Dutch footballer and manager (born 1968)

Michel Vonk (born 28 October 1968) is a Dutch professional football manager and former player.
As a player, he was a centre-back, notably playing in the Premier League for Manchester City.

Vonk also played in England for Oldham Athletic and Sheffield United, as well as also playing in his native Netherlands for AZ, SVV Dordrecht and MVV. Since 2011 he has managed several teams in Dutch football with stints at both Sparta Rotterdam, Telstar, and Jong AZ.

==Playing career==
Vonk played as centre back and began his career in 1986 with AZ '67 for whom he played 111 times and scored 8 goals. He transferred to SVV Dordrecht in 1991 and played 51 times for the team scoring 1 goal. Then in 1992 he transferred to Manchester City where he enjoyed three successful seasons playing a total of 91 league games for the club, scoring 4 times. He had been brought in by then City manager Peter Reid costing £500,000. He formed a successful partnership with Keith Curle in the centre of the City defence. In 1995, he criticised then City manager Brian Horton in the News of the World which earned him a suspension and being fined 2 weeks wages.

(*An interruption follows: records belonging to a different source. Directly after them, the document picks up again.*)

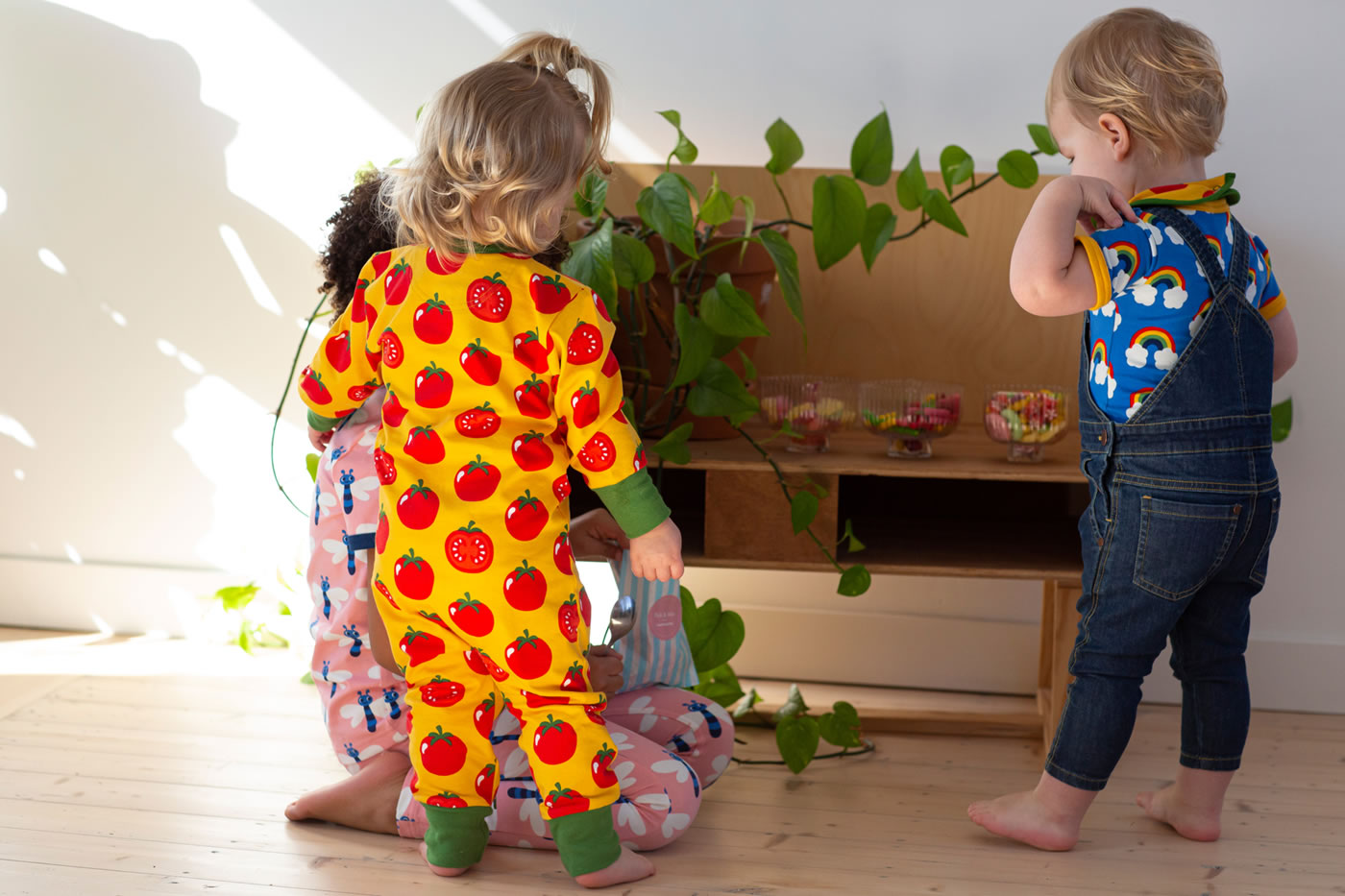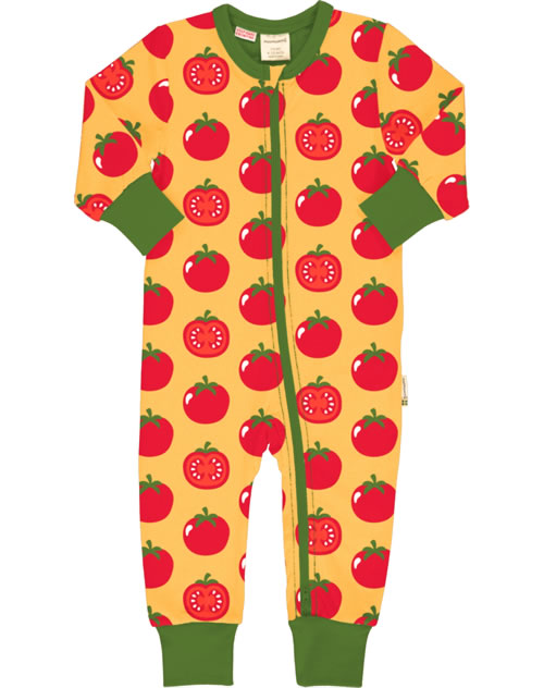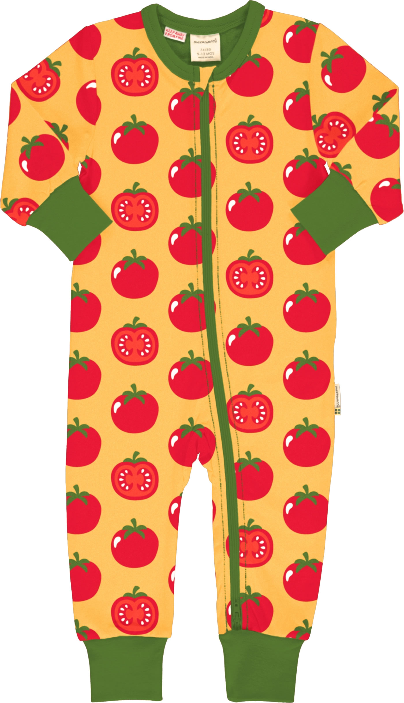 Toller Spieler in gelb mit langen Ärmeln mit Tomaten-Motiv von MAXOMORRA. Der Reißverschluss auf der Vorderseite macht das An- und Ausziehen zu einem Kinderspiel. Weiche Bündchen in an Ärmel und Beinen sind ein toller Farbkontrast. Das hautfreundliche Material bietet einen hohen Tragekomfort.
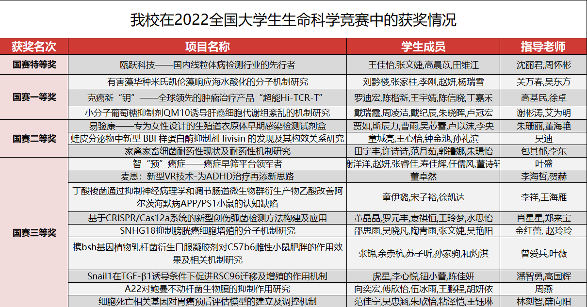 2022年全国大学生生命科学竞赛获奖情况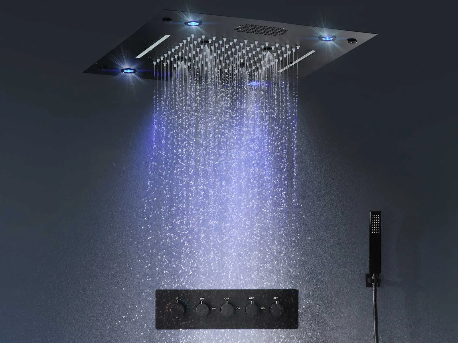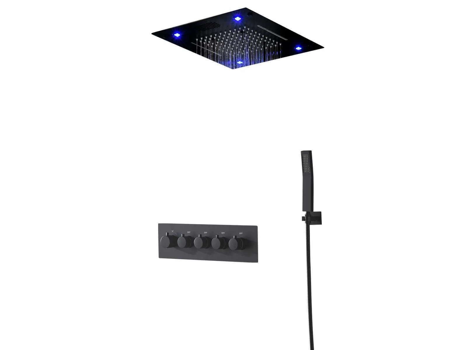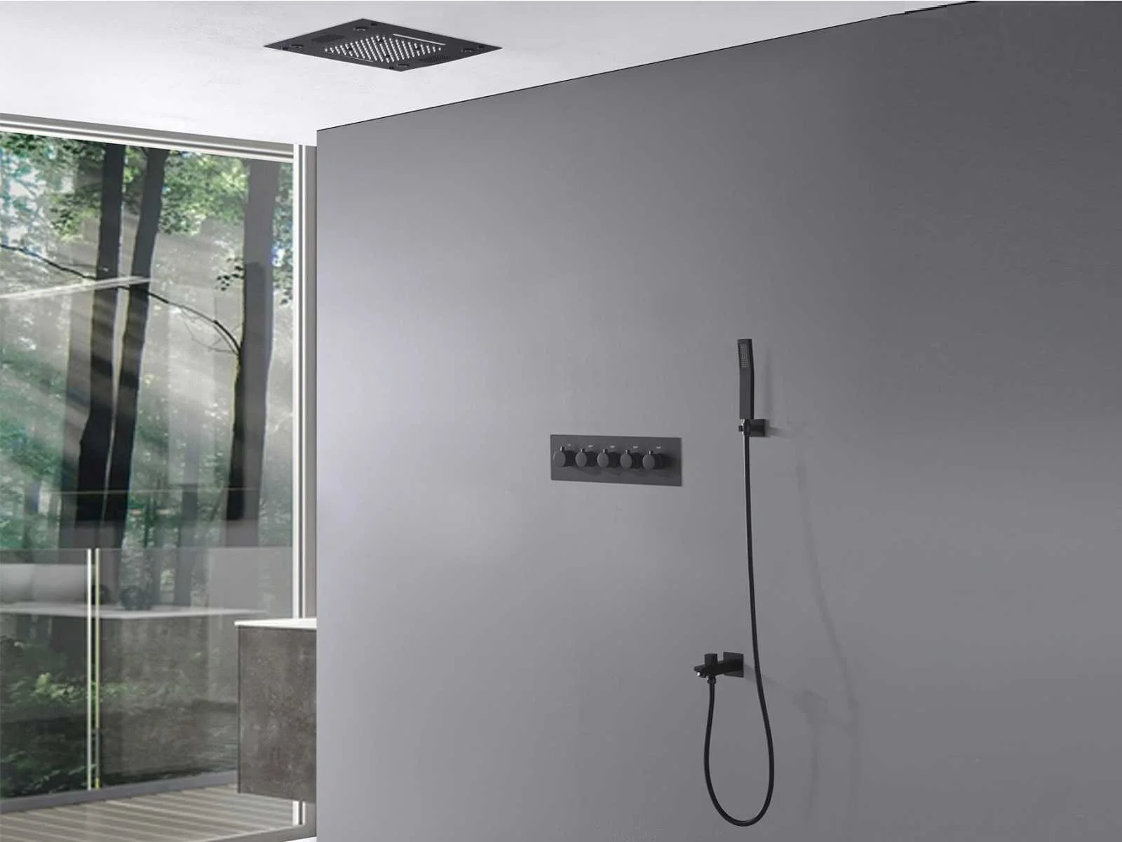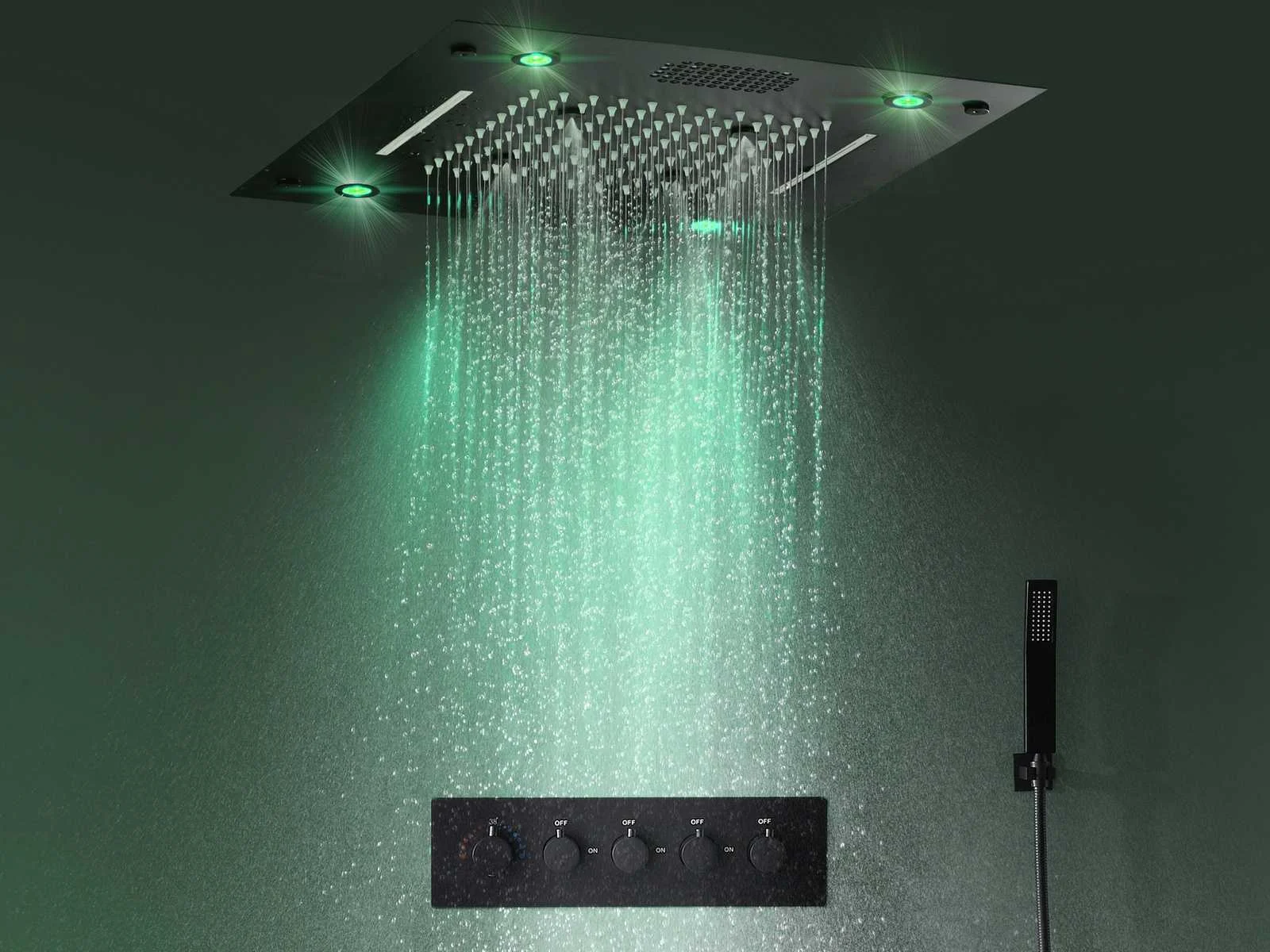 Inbouw regendouche met radio en ledverlichting, Materiaal messing en 304 rvs, Kraan smart control thermostaatkraan met 4 regelknoppen (houd de temperatuur altijd constant), Binnenwerk keramisch, Douchekop 40x40 cm met 3 functies uit 304 rvs en 4 stuks ledverlichting, Handdouche verstelbaar met doucheslang en messing ophanging, Voorzien van ingebouwde bluetooth met 2 speakers, douchekop met 3 functies regendouche met 2 watervallen en 4 stuks vernevelaars, badkraan uitloop, 4 stuks ledverlichting met instelbare kleuren welke bedienbaar zijn met de meegeleverde afstandsbediening, kunststof wateruitlopen om gemakkelijk kalkaanslag te verwijderen, keramisch binnenwerk goed voor 800.000 keer open/dicht zonder lekkage, plaatdikte: 12 UM, werkdruk: 2-16kgf/cm2, werking temperatuur: 0 tot 90 graden Celsius, anti kalk behandeld, Conditie: Nieuw, Bijzonderheden 2 jaar garantie, hoge kwaliteit, alle water functies kunnen allemaal tegelijk of onafzondelijk gebruikt/geregeld worden Handdouche: verstelbaar met doucheslang en messing ophanging. Voorzien van: 4 stuks LED verlichting in de douchekop welke met externe voeding te bedienen is (voeding meegeleverd). Douchekop met 2 functies: vernevelaar en regendouche. Kunststof wateruitlopen om gemakkelijk kalkaanslag te verwijderen. Keramisch binnenwerk. Merk: Mawialux Model: Tiger Kleur: Mat zwart Lengte: 40cm Breedte: 40cm

Subsequent City manager Alan Ball sold the player to Oldham Athletic for £350,000, where he played 5 times and scored 1 goal. He was then transferred to Sheffield United where he played until 1998. He played 37 times for the Blades scoring twice. His time with the club was hampered by injuries. In 1998, he returned to the Netherlands and began playing for MVV. His injuries continued however and he was released by the club when they were relegated.

==Coaching career==
After retiring from active football, Vonk became a youth coach for PSV. He successively served as assistant to Wiljan Vloet at Sparta Rotterdam for two seasons.

In April 2011 Vonk agreed to return at Sparta as head coach for the 2011–12 season under supervision of newly appointed technical director Wiljan Vloet, who accepted to return at the Rotterdam club after two seasons as trainer of NEC Nijmegen. He was fired after one season. In July 2014, he started working for Telstar.

He later worked as assistant manager of SC Heerenveen under Jurgen Streppel, but left the club in 2019 when his contract was not renewed.

Between 2018 and 2021, Vonk managed Jong AZ in the Eerste Divisie.